§ **Data below**
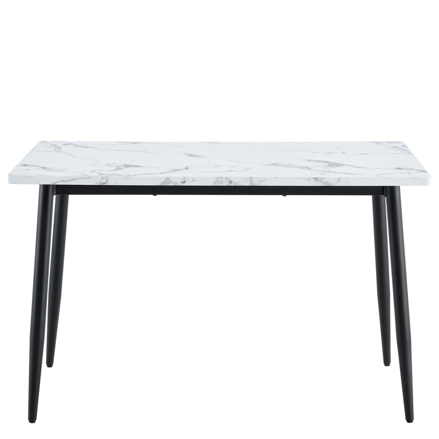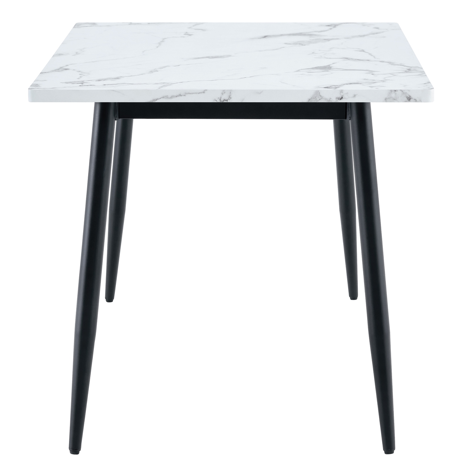 Κατασκευασμένο από μοριοσανίδα υψηλής ποιότητας με λευκό μαρμάρινο φινίρισμα και ανθεκτικό μαύρο μέταλλο, το τραπέζι εξασφαλίζει σταθερότητα και αντοχή στη χρήση. Τα υλικά του είναι ανθεκτικά στις καθημερινές φθορές.
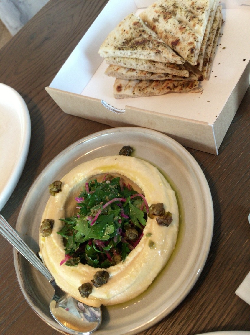 」ピタパンとヒヨコマメのペースト(フムス) ピタパンは追加したかったけれどもひと箱単位での追加で500円だったので、メインをたべるまで追加せず。少量から追加できるといいですね。
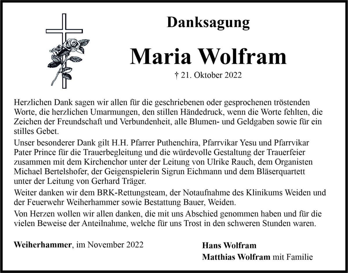 Danksagung Maria Wolfram, Weiherhammer 12. November 2022, 06:00 Uhr Von: redaktion Danksagung Maria Wolfram, Weiherhammer Landkreis Neustadt/WN Weiherhammer

§ **Exercise details**
Once the pictures are dropped, please print every remaining line of the material verbatim.

§ **Output of the exercise**
 Κατασκευασμένο από μοριοσανίδα υψηλής ποιότητας με λευκό μαρμάρινο φινίρισμα και ανθεκτικό μαύρο μέταλλο, το τραπέζι εξασφαλίζει σταθερότητα και αντοχή στη χρήση. Τα υλικά του είναι ανθεκτικά στις καθημερινές φθορές.
 」ピタパンとヒヨコマメのペースト(フムス) ピタパンは追加したかったけれどもひと箱単位での追加で500円だったので、メインをたべるまで追加せず。少量から追加できるといいですね。
 Danksagung Maria Wolfram, Weiherhammer 12. November 2022, 06:00 Uhr Von: redaktion Danksagung Maria Wolfram, Weiherhammer Landkreis Neustadt/WN Weiherhammer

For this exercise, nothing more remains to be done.